File metadata and controls

117 lines (85 loc) · 3.8 KB

Autoencoder

Stable Audio 3 uses a 44.1k stereo audio autoencoder to compress waveforms into a compact continuous latent representation that the diffusion model operates on. This page covers how to use the autoencoder directly, for encoding individual audio files, decoding latents back to audio, and pre-encoding a dataset for training.

Encoding audio to latents

import torchaudio
from stable_audio_3 import AutoencoderModel

ae = AutoencoderModel.from_pretrained("same-l")  # "same-s" (small), "same-l" (medium/large)
waveform, sr = torchaudio.load("audio.wav")
latents = ae.encode(waveform, sr)
# → (1, latent_dim, latent_time)

Resampling, channel conversion, and padding are handled automatically. The latent time dimension is samples // downsampling_ratio (4096 for all current models). At 44.1 kHz, 10 seconds of stereo audio produces 216 latent frames, with a latent dimension of 256.

To encode a batch of clips with different lengths in one call:

latents = ae.encode([waveform_a, waveform_b], sr=[44100, 22050])
# → (2, latent_dim, latent_time)

Decoding latents to audio

import torchaudio
from stable_audio_3 import AutoencoderModel

ae = AutoencoderModel.from_pretrained("same-l")
audio_out = ae.decode(latents)
# → (1, 2, samples)

torchaudio.save("reconstructed.wav", audio_out[0].cpu(), ae.sample_rate)

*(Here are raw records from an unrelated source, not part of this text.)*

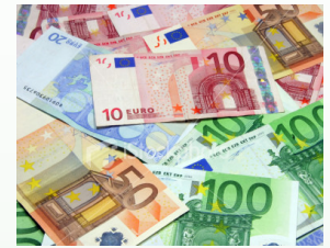
De successiewet is veranderd

Voor meer informatie kunt u kijken op de website http://www.anbi.nl .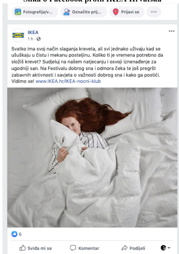
Slika 6 Facebook profil IKEA Hrvatska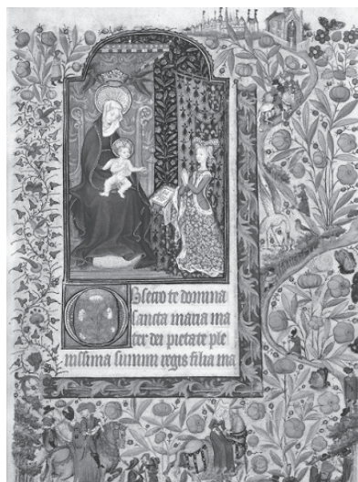
図版3 マルグリット・ドルレアンズの祈祷像 Paris, BnF, ms. lat. 1156 B, f. 25.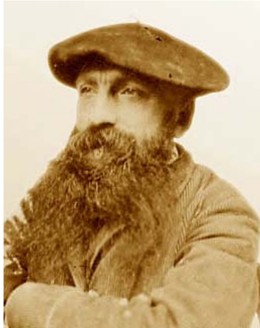
Điêu khắc gia Auguste Rodin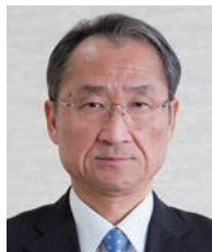
学長：船山仲他 FUNAYAMA Chuta 言語学、通訳理論 任期：2015.4～2017.3

「模擬国連世界大会」を日本で初めて11月に開催します。世界中から学生が集まり、実際の国連と同様の議論を全て英語で行います。熱い討議や、日本文化・歴史の発信が行われる国際交流の機会です。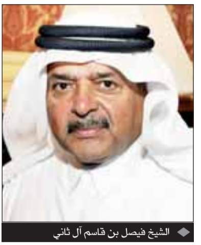
الشيخ فيصل بن قاسم آل ثاني

الاستثمارات الرأسمالية الكبيرة بدأت في إعطاء عائدات مجدية فيصل بن قاسم: نتوقع استمرار أدائها القوي في الربع الأخير مع تنوع أعمالنا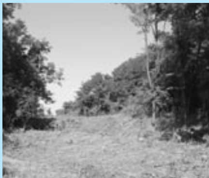
Priesek porastom v miestach, kde sa bude cyklotrasa zo Sotiny zvažovať k potoku.

3. vetva Kunov vedie od Kunova, od bývalého dvora JRD cez potok Teplica a napája sa na vybudovanú cyklotrasu.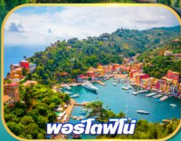
พอร์ตฟีโน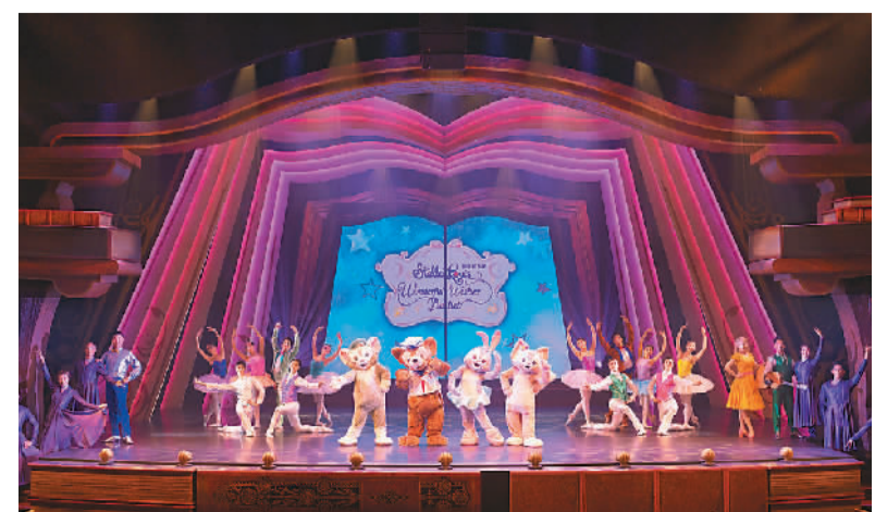
“星黛露梦想起舞吧”芭蕾舞首演现场。

据介绍，该表演还将于4月14日至16日期间上演，每日会有4至5场演出，每场演出时长约30分钟。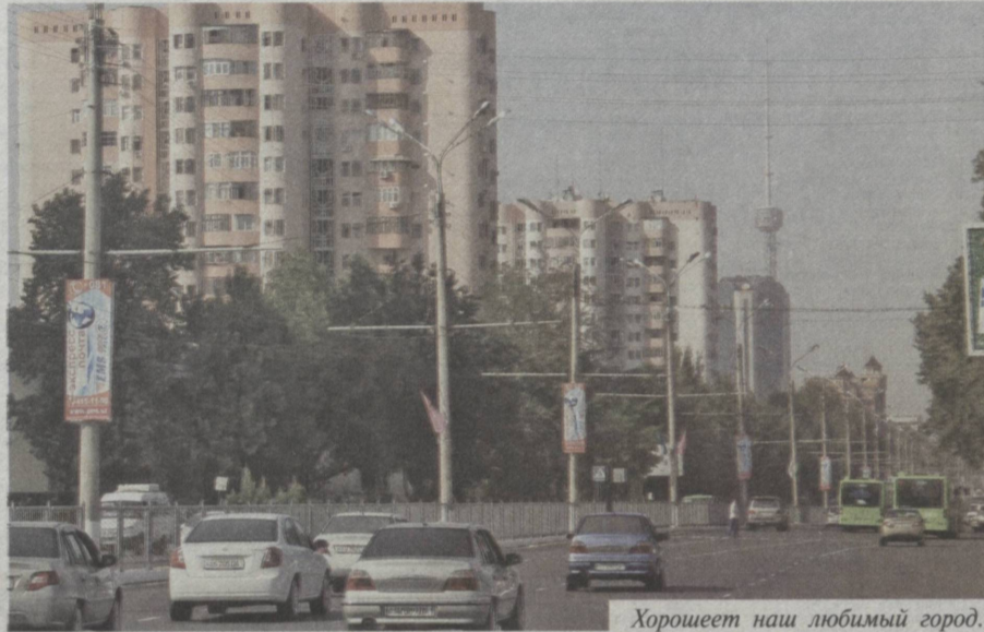
Хорошеет наш любимый город.

хорошо звучал, но и был красивым, доставлял людям радость и удовольствие. Используем в работе только самый лучший природный материал: урючину, тутовник, орешину и, конечно, свои руки, опыт и секреты мастерства деда, отца. Главные качества, которыми должен обладать человек нашей профессии, – абсолютный музыкальный слух, терпение, знание свойств дерева, чистая душа, умелые руки, доброе сердце и гордость за страну, в которой живешь.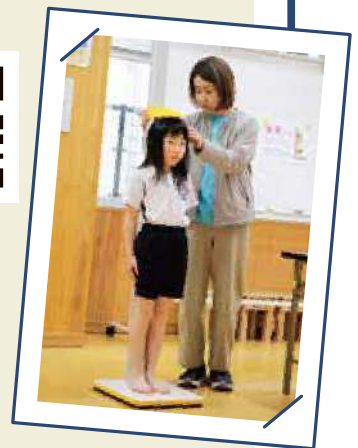
身体測定で身長を測る2年生。 大きくなったかな？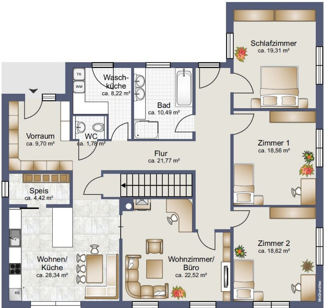
Planskizze Erdgeschoss ca. 163 m 2 Nutzfläche, unverbindlicher Einrichtungsvorschlag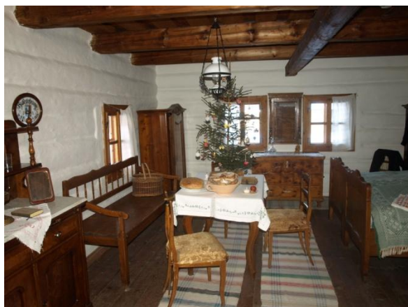
Interiér domu stredného sedliaka

....., ktorá spôsobila niekoľko ..... a následnú veľkú ..... Zároveň upadá aj záujem roľníkov o ..... pôdy. Je to spôsobené aj tým, že roľníci sú ešte stále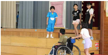
4年生「『ふくし』ってなんだろう」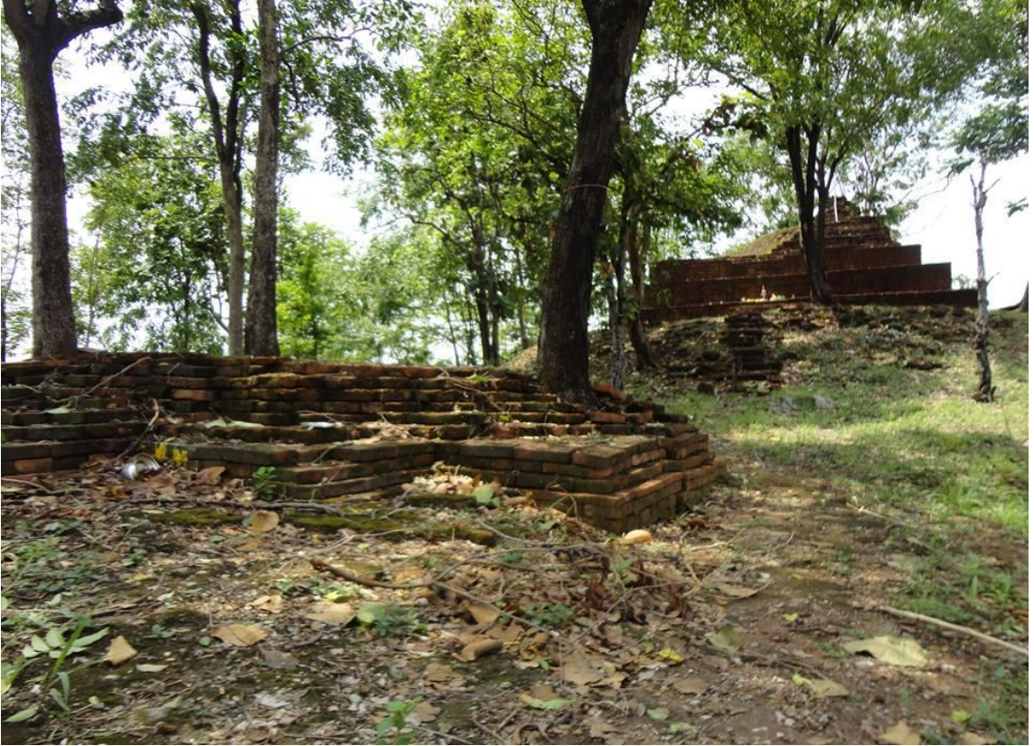
เขานางทอง ตำบลคีรีส อำเภอพราณกระต่าย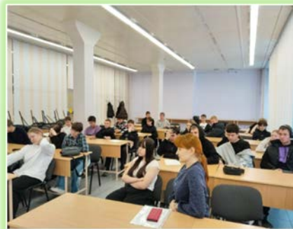
ФГБПОУ «Братский целлюлозно-бумажный колледж»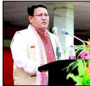
गुवाहाटी। भारतीय जनता पार्टी से राष्ट्रीय लोकतांत्रिक गठबंधन में अपनी स्थिति स्पष्ट करने के लिए

कहने के एक सप्ताह बाद, यूनाइटेड पीपुल्स पार्टी लिबरल (यूपीपीएल) ने असम में अपना अलग रास्ता चुनने का फैसला किया है। मंगलवार (17 मार्च, 2026) को यूपीपीएल ने कहा कि उसने वैचारिक मतभेदों के कारण एनडीए से नाता तोड़ लिया है और वह 9 अप्रैल को होने वाले चुनाव में असम की 126 विधानसभा सीटों में से 21 पर चुनाव लड़ेगी। इनमें से छह निर्वाचन क्षेत्र यूपीपीएल के गढ़ बोडोलैंड प्रादेशिक क्षेत्र (बोटीआर) से बाहर हैं, जिसकी 15 सीटें तब महत्वपूर्ण हो जाती हैं जब राज्य में किसी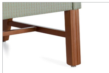
Le pied de style Chippendale est offert dans tous les finis bois de Global

Pour plus de renseignements sur les produits, y compris les certifications environnementales et du secteur, visitez globalfurnituregroup.com .

Chunked processing for long audio

For audio that is too long to encode or decode in a single forward pass, pass chunked=True. chunk_size and overlap are both measured in latent frames (not audio samples).

import torchaudio
from stable_audio_3 import AutoencoderModel

ae = AutoencoderModel.from_pretrained("same-l")
waveform, sr = torchaudio.load("audio.wav")

latents = ae.encode(waveform, sr, chunked=True, chunk_size=128, overlap=32)
audio_out = ae.decode(latents, chunked=True, chunk_size=128, overlap=32)

The overlap should be at least as large as the model's receptive field. A value of 32 is a reasonable default.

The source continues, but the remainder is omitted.